## What is being asked:
If a line in the entries contains the string "open", include that line in your answer.
Start of Block
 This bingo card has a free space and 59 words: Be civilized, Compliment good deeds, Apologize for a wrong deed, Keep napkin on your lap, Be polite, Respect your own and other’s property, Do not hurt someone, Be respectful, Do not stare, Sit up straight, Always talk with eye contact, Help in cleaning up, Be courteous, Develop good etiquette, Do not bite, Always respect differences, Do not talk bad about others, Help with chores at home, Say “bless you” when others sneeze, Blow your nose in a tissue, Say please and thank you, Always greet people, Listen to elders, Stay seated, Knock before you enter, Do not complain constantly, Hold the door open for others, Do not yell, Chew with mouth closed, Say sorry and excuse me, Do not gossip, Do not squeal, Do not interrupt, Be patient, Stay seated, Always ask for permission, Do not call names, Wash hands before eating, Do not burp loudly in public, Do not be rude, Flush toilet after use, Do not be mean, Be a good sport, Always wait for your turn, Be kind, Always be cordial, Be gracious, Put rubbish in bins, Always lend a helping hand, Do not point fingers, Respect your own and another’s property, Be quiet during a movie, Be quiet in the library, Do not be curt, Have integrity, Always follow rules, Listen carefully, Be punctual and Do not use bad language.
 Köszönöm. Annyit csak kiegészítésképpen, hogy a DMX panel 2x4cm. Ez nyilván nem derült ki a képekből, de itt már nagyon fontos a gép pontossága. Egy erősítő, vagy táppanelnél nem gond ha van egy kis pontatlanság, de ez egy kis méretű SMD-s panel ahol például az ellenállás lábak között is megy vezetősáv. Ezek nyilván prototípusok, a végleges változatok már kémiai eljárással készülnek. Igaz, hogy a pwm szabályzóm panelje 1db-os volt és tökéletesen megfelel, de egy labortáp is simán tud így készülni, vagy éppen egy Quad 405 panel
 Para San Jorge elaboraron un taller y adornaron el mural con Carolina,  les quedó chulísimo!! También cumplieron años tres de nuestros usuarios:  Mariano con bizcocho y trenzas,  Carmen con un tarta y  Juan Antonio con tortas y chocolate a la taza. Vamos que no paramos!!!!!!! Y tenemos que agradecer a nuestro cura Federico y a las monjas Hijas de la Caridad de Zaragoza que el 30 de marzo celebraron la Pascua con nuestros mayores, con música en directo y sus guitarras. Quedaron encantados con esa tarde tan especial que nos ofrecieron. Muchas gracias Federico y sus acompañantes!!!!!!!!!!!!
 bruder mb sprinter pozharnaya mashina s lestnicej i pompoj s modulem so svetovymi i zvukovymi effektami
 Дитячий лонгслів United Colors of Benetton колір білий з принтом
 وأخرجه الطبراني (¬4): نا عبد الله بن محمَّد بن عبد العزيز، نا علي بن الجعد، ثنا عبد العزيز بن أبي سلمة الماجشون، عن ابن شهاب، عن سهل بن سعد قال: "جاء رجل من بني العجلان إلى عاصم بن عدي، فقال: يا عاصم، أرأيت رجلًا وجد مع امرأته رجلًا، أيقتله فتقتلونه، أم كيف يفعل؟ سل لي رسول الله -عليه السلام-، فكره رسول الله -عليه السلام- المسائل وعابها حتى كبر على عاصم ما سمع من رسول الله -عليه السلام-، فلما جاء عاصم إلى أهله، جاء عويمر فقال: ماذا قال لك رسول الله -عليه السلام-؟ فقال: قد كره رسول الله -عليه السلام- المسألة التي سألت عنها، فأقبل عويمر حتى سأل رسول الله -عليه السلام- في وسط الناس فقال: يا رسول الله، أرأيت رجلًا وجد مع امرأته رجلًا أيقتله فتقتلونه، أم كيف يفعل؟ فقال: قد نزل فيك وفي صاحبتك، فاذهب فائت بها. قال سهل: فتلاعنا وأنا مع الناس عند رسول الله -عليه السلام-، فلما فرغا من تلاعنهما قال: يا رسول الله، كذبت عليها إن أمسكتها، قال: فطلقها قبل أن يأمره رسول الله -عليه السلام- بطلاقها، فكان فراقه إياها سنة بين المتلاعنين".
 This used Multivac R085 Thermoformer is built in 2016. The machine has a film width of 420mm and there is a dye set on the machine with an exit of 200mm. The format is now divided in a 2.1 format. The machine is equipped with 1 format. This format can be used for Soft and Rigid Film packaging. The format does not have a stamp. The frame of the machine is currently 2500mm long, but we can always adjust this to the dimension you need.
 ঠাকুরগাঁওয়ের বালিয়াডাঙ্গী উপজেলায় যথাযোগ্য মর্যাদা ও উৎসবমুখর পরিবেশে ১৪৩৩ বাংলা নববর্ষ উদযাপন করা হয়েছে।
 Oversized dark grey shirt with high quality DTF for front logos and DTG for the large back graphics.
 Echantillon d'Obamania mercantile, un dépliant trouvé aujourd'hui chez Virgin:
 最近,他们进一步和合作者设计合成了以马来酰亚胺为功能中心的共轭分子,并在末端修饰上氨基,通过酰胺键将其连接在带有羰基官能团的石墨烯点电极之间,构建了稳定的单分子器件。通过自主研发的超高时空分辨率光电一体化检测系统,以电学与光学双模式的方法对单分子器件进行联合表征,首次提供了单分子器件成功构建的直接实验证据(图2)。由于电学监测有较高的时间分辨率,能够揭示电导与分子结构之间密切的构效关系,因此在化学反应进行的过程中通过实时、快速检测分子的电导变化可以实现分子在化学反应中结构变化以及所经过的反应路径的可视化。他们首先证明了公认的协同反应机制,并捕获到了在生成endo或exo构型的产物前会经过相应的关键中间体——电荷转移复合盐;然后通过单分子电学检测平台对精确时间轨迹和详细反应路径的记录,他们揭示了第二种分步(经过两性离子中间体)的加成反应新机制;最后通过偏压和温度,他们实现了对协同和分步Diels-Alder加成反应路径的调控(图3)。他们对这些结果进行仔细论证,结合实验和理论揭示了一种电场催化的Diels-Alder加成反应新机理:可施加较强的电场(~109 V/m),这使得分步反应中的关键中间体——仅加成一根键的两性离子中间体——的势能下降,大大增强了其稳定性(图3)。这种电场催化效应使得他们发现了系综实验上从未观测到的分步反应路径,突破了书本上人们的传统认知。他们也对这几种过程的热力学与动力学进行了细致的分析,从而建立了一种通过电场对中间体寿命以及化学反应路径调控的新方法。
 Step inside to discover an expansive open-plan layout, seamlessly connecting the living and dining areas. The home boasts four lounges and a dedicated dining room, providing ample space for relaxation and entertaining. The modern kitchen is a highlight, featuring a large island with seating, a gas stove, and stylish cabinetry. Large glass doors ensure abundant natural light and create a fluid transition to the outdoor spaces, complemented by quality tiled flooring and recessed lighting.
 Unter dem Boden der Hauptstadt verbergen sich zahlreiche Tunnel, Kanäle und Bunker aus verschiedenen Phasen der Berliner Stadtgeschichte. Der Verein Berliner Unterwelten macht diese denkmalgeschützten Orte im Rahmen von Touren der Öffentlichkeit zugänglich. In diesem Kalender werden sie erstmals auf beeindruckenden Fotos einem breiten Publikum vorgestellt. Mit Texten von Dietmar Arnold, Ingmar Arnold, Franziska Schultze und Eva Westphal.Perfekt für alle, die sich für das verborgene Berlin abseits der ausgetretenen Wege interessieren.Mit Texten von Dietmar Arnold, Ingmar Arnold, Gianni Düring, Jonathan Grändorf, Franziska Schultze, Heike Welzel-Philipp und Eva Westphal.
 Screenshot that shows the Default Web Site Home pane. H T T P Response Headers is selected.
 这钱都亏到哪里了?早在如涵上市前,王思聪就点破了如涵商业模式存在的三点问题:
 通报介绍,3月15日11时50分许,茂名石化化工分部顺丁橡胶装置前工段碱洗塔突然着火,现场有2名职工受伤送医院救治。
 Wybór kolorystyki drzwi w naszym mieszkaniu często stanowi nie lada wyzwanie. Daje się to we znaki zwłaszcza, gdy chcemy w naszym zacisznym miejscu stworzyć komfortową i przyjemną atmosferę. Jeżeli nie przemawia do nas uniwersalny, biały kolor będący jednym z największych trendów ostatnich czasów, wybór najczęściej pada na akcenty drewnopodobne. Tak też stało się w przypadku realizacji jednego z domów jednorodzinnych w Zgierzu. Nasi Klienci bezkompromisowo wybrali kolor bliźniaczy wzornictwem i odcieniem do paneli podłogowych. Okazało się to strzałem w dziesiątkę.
End of Block
## Task solution:
 This bingo card has a free space and 59 words: Be civilized, Compliment good deeds, Apologize for a wrong deed, Keep napkin on your lap, Be polite, Respect your own and other’s property, Do not hurt someone, Be respectful, Do not stare, Sit up straight, Always talk with eye contact, Help in cleaning up, Be courteous, Develop good etiquette, Do not bite, Always respect differences, Do not talk bad about others, Help with chores at home, Say “bless you” when others sneeze, Blow your nose in a tissue, Say please and thank you, Always greet people, Listen to elders, Stay seated, Knock before you enter, Do not complain constantly, Hold the door open for others, Do not yell, Chew with mouth closed, Say sorry and excuse me, Do not gossip, Do not squeal, Do not interrupt, Be patient, Stay seated, Always ask for permission, Do not call names, Wash hands before eating, Do not burp loudly in public, Do not be rude, Flush toilet after use, Do not be mean, Be a good sport, Always wait for your turn, Be kind, Always be cordial, Be gracious, Put rubbish in bins, Always lend a helping hand, Do not point fingers, Respect your own and another’s property, Be quiet during a movie, Be quiet in the library, Do not be curt, Have integrity, Always follow rules, Listen carefully, Be punctual and Do not use bad language.
 Step inside to discover an expansive open-plan layout, seamlessly connecting the living and dining areas. The home boasts four lounges and a dedicated dining room, providing ample space for relaxation and entertaining. The modern kitchen is a highlight, featuring a large island with seating, a gas stove, and stylish cabinetry. Large glass doors ensure abundant natural light and create a fluid transition to the outdoor spaces, complemented by quality tiled flooring and recessed lighting.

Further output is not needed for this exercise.